* Provided material:
((
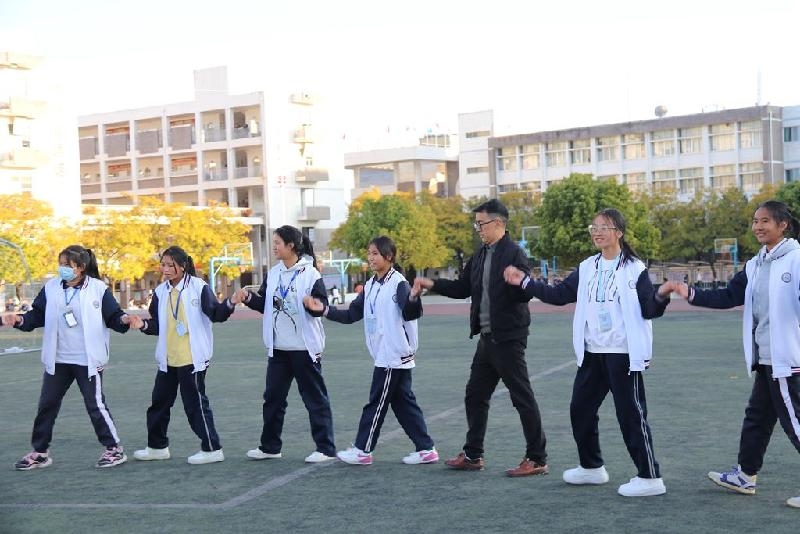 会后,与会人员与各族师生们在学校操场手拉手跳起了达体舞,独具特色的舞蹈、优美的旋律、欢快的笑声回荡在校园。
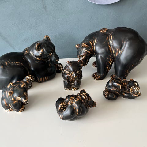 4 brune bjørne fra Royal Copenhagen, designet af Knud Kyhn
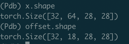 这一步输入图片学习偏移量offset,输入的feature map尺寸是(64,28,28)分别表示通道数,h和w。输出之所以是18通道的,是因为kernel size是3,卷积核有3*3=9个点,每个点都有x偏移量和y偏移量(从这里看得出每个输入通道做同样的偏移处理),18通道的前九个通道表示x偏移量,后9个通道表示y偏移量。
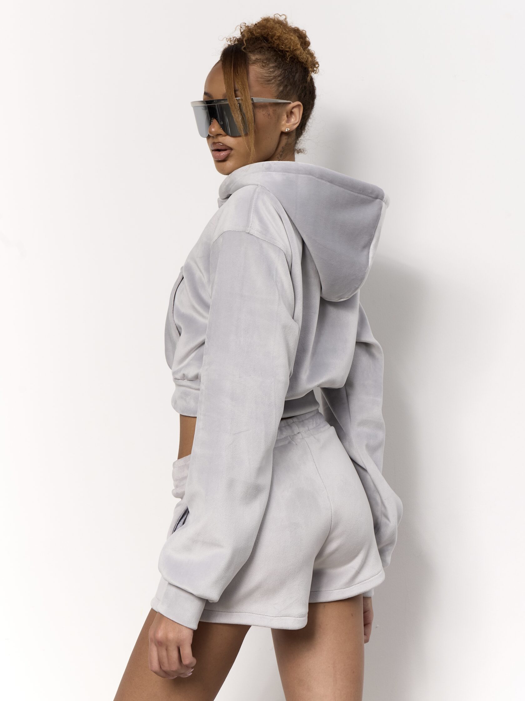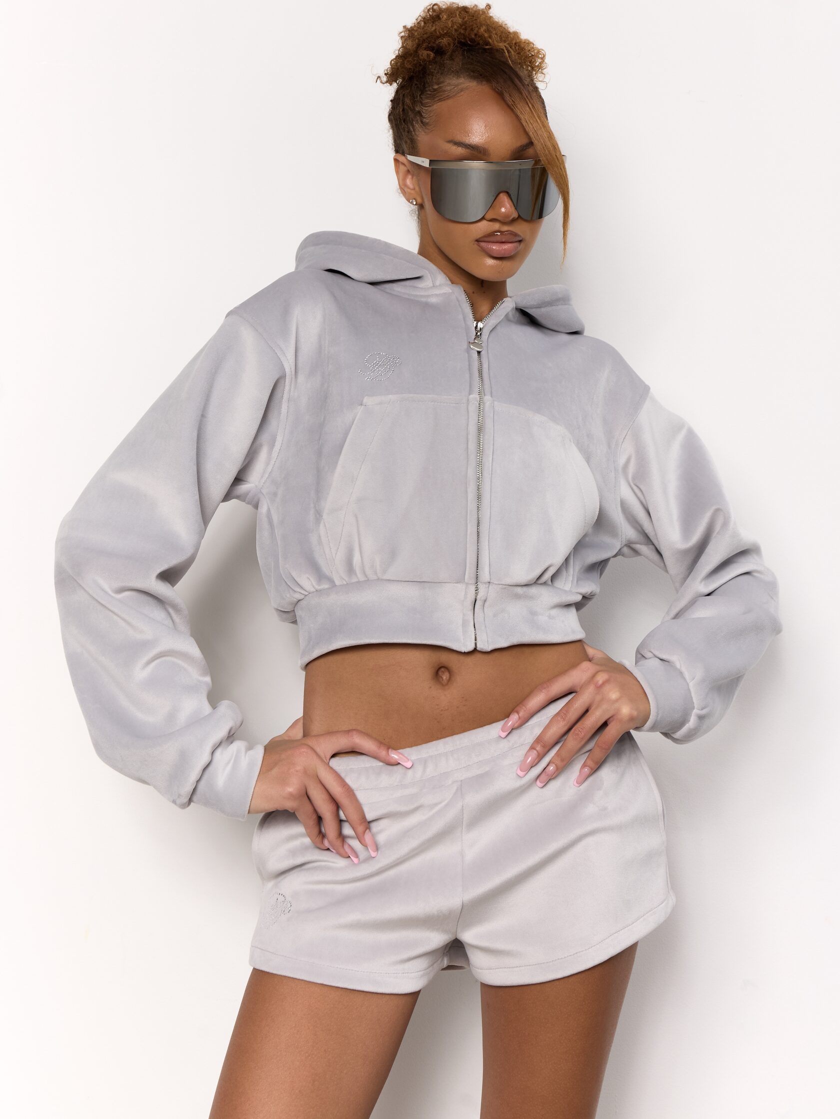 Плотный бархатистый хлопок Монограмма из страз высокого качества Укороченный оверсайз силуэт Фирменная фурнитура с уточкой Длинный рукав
))
* Problem: Your copy must consist solely of the lines from the one containing "4 brune bjørne" through the final line of the material above, transcribed exactly, with the pictures left out.

* The completed task:
 4 brune bjørne fra Royal Copenhagen, designet af Knud Kyhn
 这一步输入图片学习偏移量offset,输入的feature map尺寸是(64,28,28)分别表示通道数,h和w。输出之所以是18通道的,是因为kernel size是3,卷积核有3*3=9个点,每个点都有x偏移量和y偏移量(从这里看得出每个输入通道做同样的偏移处理),18通道的前九个通道表示x偏移量,后9个通道表示y偏移量。
 Плотный бархатистый хлопок Монограмма из страз высокого качества Укороченный оверсайз силуэт Фирменная фурнитура с уточкой Длинный рукав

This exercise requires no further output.